Two themes were depicted on the south wall: "Auspicious Icons" and Buddhist/historical legends. Significantly, most of the icons were "divine guardians" of the Khotan Kingdom, a close ally of the local government at Dunhuang. The founding history of the Khotan Kingdom occupied the largest space in the painting. In addition, the king of Khotan was represented on the north wall of the passageway. These motifs must have pleased the official envoys from Khotan who visited the cave-site in the spring of 925 a.d. Zhai Fengda, cultural representative of the Dunhuang government and sponsor of the paintings, obviously used these motifs as a tool of diplomatic propaganda for his government.

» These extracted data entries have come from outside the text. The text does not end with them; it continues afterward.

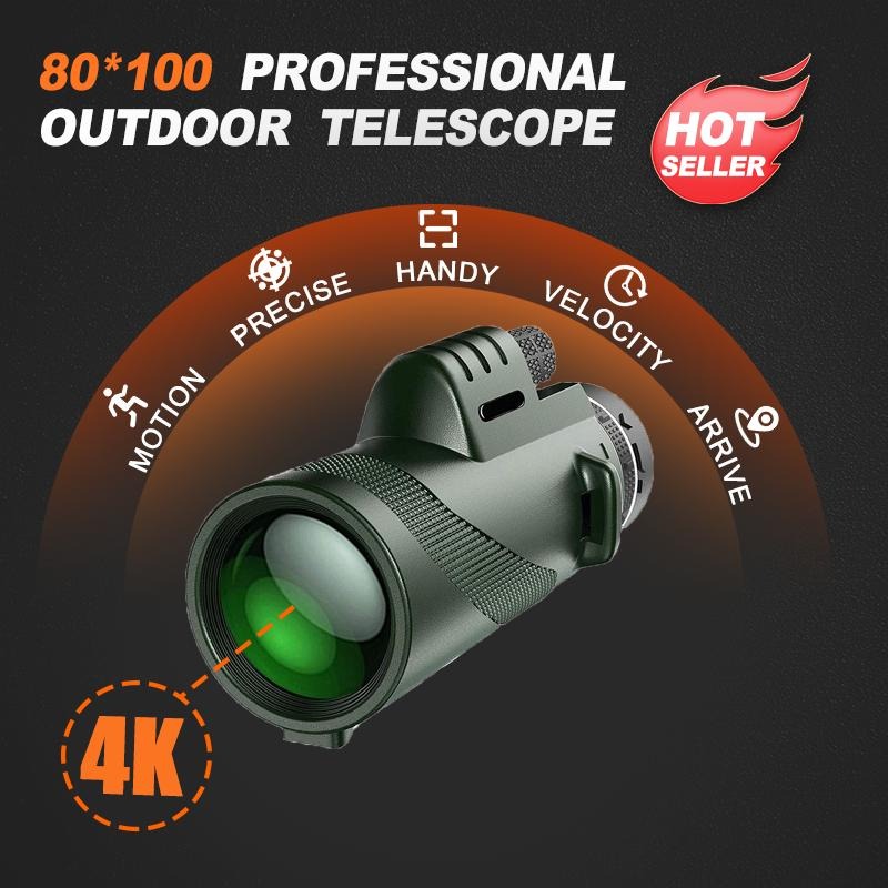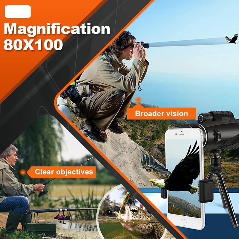Imagine capturing distant landscapes, wildlife, or city details with just your phone. This 80x100 monocular telescope delivers powerful zoom in a compact, easy-to-carry design.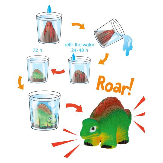 Legt man den Lava-Berg in Wasser, wäscht sich einer von 6 verschiedenen Sauriern innerhalb von 72 Stunden heraus und wächst zu seiner endgültigen Größe.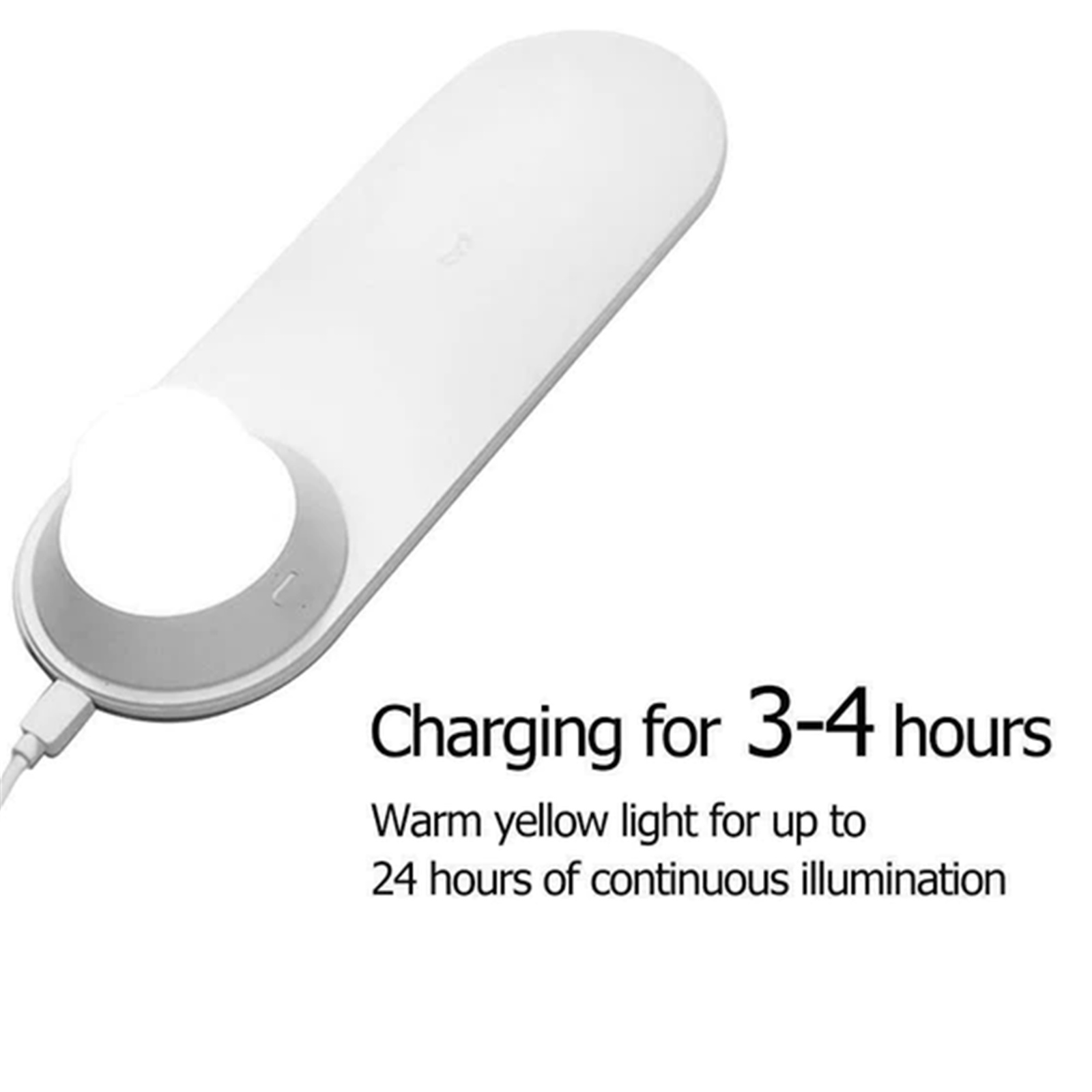 Yeelight Wireless Charging Nightlight - Super Fast Wireless Charging Eye-friendly Warm Lighting, The nightlight takes 3 to 4 hours to fully charge, providing up to 11 hours of white light or 24 hours of warm light

The Production and Reception of Sacred Art: A Case Study of the Pictorial Hagiography of Lü Dongbin at the Palace of Eternal Joy

Paul R. Katz, National Central University

This paper examines the role temple murals played in the growth of the cult of the immortal Lü Dongbin in the Palace of Eternal Joy, until recently located in Yongle, Shanxi. Originally a small shrine to Lü, the Palace was rebuilt and greatly enlarged by members of the Perfect Realization (Quanzen) Taoist movement during the thirteenth century. Its murals include a pictorial hagiography of Lü in the Hall of Purified Yang (Chunyang Dian) completed in the mid- fourteenth century. Works of art like this have yet to be fully utilized in the study of local cults.

To determine the impact of the murals on Lü’s cult, I focus on two key problems: the role of patronage in their production and the ways in which they were received and reinterpreted. The patrons were almost exclusively Quanzen priests and the murals represent Lü as a master of Taoist self-cultivation who initiates and instructs worthy disciples. Although created for and viewed by a mass audience, the murals may not necessarily have been "popular" in reflecting the beliefs of the local people. Gazetteers and stele inscriptions depict Lü as a well-educated literatus, like members of the elite who composed these. In addition, regional folk tales emphasize Lü’s miraculous powers, occasionally presenting humorous and sometimes ribald stories about him as one of the Eight Immortals. This indicates that texts, like works of art, need to be understood in terms of their textuality—the ways in which they were produced, transmitted, and received.